My first reading of ‘Synchronicity’ was not only an education in the phenomena itself, it was also a gateway into all things connected with it; the I Ching, astrology as a science, dream-work, and of course the authors, Carl Jung and Wolfgang Pauli.
The materials by, and about, Carl Jung can and do fill libraries. To ‘search’ Jung, to delve into these materials, is at least one life’s work. To find materials on his friend, patient, and co-author Wolfgang Pauli, was the opposite; an exercise in frustration.
What little material there is generally available, relates to his Nobel prize-worthy research in atomic physics and quantum theory. A small biography is available, which focusses on his scientific achievements.
One further fact about Wolfgang Pauli was widely known, his immense telekinetic powers, the legendary ‘Pauli Effect’. He was effectively banned from participation in the Manhattan Project by his former student J. Robert Oppenheimer for this fact alone.

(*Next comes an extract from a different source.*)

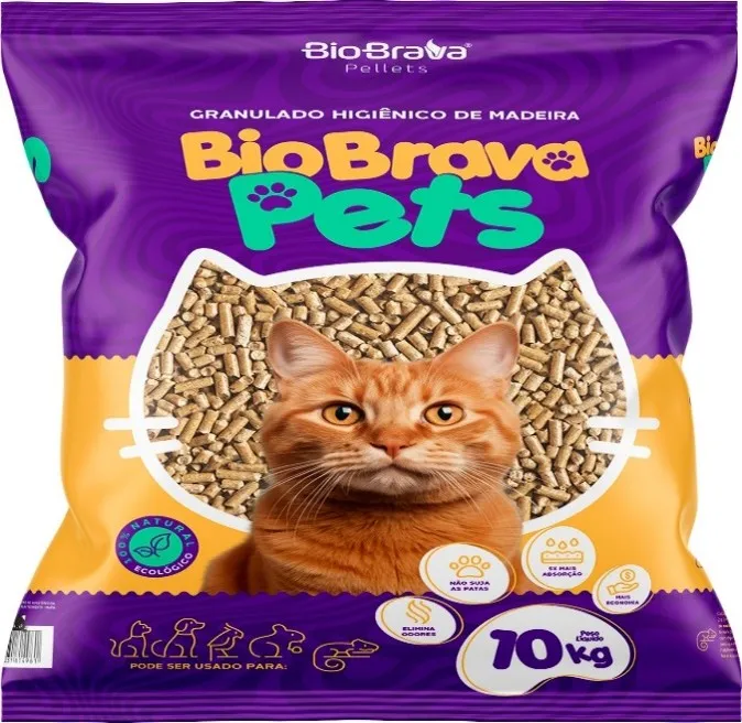 O granulado higiênico Biobrava Pets, foi fabricado exclusivamente para que seu pet tenha qualidade de vida, higiene e saúde. É um produto 100% natural, atóxico e não prejudica seu animal, e nem o meio ambiente. Não suja as patas, e possui 5 x mais absorção. Por possuir PH neutro, elimina odores.
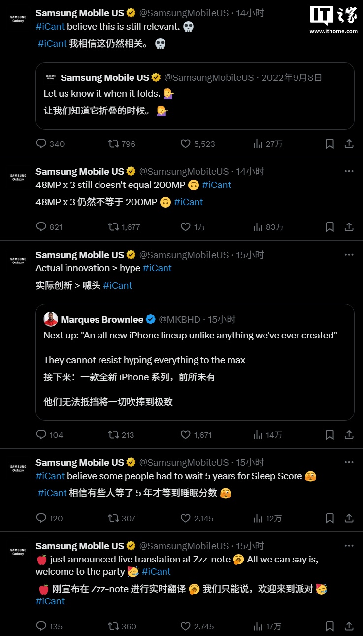 三星社媒“围攻”苹果:从相机到折叠屏、创新

With a vast amount of research, Miller fills in the gaps as to who Pauli was as a person. His youth and upbringing, his early brilliance as a physicist and mathematician (the corrections he made to Einstein’s first theory of relativity, at the age of 22, were gratefully received and noted). But he was also formed by personal troubles and tragedies. His reputation well established in the red-light districts and bars of Hamburg and Vienna. It was this increasingly discordant life, and a feverish quest to discover the ‘cosmic number’, that lead him to seek treatment from Jung.
Jung, meanwhile, had been in need of a scientist, a physicist with whom he could collaborate to explore his theory of ‘synchronicity’, and his belief that there is a quantifiable, physical, component to a synchronistic event. Pauli found in Jung what Jung found in Pauli….the perfect opposite; balance.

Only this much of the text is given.